Yes, groups are great for storing a collection of datasets of all
different ranks and sizes. Instead of having numerous files of
station data and model hyperslabs, intrepid researchers with
a hierachical file could have one or a few hierarchical files.

We could start a whole thread on the use case of "return all the data
sets relevant to this bounding box". Practically impossible with
flat files because of all the grids that could be involved. Yet quite
plausible with groups. However, this case does not interest me as much
as MME. Please be aware of the general issue of file proliferation,
though. Groups tend to reduce this problem.

> What I have not seen mentioned so far is the impact on file sizes. Our
> output simulations generate large datasets and it is impracticable to
> put all the data into a single file. Even if the operating system can
> handle Terabyte, or even Petabyte files, one will have problems
> transferring them and reading them into memory. Hence, for the datasets
> I deal with, we normally work with files each containing one variable
> from one source (and the hierarchy within a file of only one variable
> isn't very interesting ;-).

No one claims groups are always useful.
Some datasets are too big in raw form to make use of hierarchies.
After enough processing though, it may be convenient to merge them
into hierarchical form.
No one wants a suitcase bigger than they can carry.

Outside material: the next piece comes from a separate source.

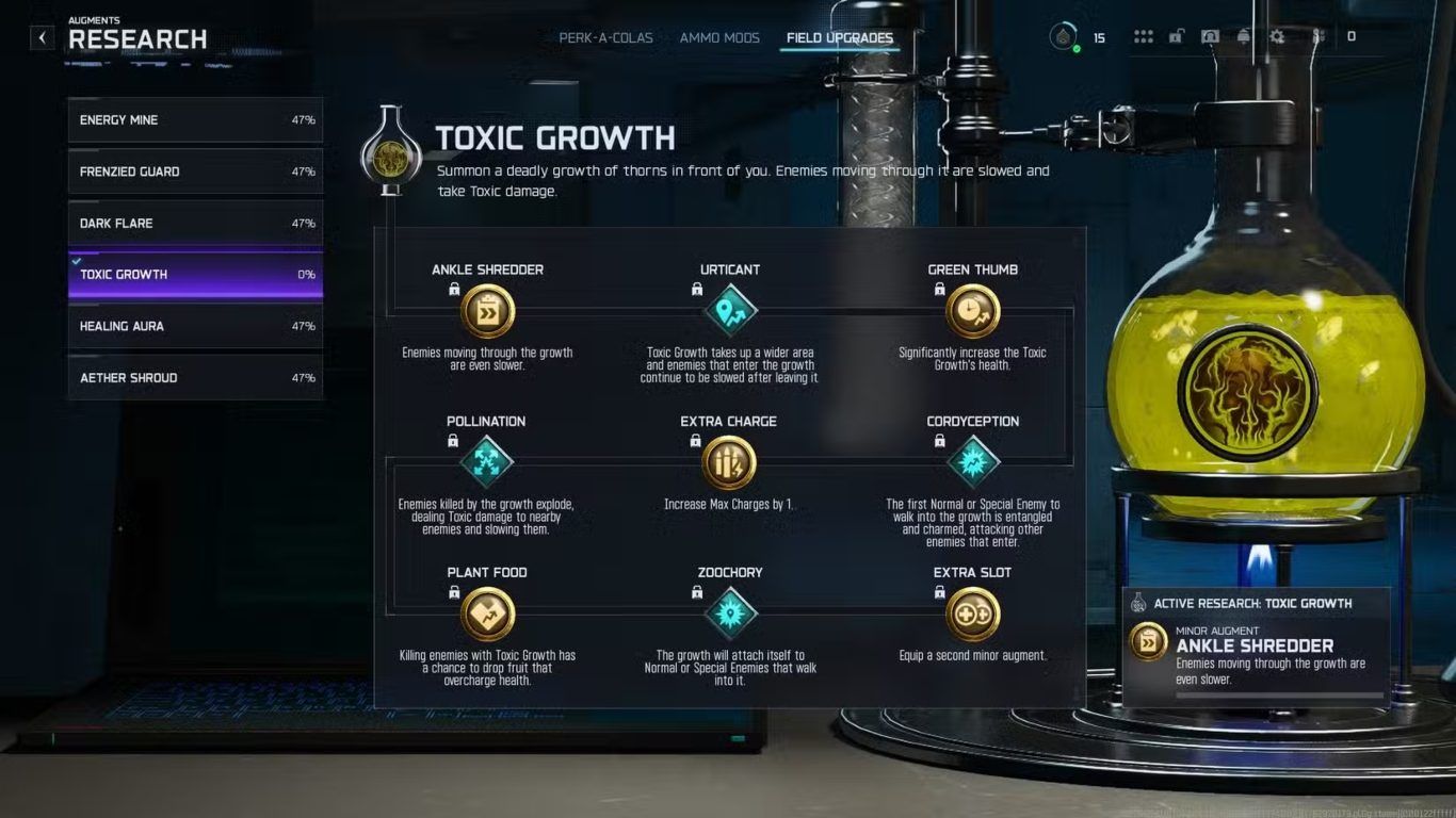 أما بالنسبة لـ Minor Augment، فيُعتبر Ankle Shredder الخيار الأفضل لتعزيز الأسلوب الدفاعي للاعب. إذ يعمل هذا التعديل الصغير على إبطاء حركة الأعداء بدرجة أكبر أثناء مرورهم عبر Toxic Growth، مما يمنح اللاعب وقتًا أطول لاستعادة وضعه، وإعادة تعبئة الذخيرة، والتراجع عند الضرورة دون القلق من الاندفاع المفاجئ للزومبي. هذا التعديل يكمل دور Urticant بشكل مثالي، إذ يجمع بين توسيع منطقة التأثير وإبطاء الخصوم بشكل إضافي.

> Hence, the best use case for using hierarchical structures _inside_ a
> file that I have seen so far is limited to situations where all the
> following are true:
>
> a) there are several different datasets which people would like to
> intercompare, and
>
> b) there is a clear and obvious way to organize the hierarchy, and
>
> c) the datasets are fairly small.

Filesizes of 1 GB are not uncommon.
321 years of monthly mean GCM data for one 1x1 degree surface field.
There's wiggle room in that for meaningful hierarchies.
For many users. Not all.

> I think the case for putting the hierarchical information _outside_ the
> files is stronger. There is clearly no file size problem, and in fact
> might help by reducing the need to access large files. It would also be
> easier to update. There would still be a challenge to make sure that
> externally stored information stays synchronized with the actual
> datafiles, but I don't see that this should be a show stopper.

Thank you for addressing Point 3 of the "compelling ensemble" post.
Here we disagree on the inside vs. outside file storage paradigm.
When information needed for an analysis in not in the file, then
I think that the file is incomplete.
Self-describing datasets are great.
Self-describing and complete datasets are even better.
I prefer solutions that allow for completely self-describing datasets
in a single (netCDF API-accessible) format. I think many would agree.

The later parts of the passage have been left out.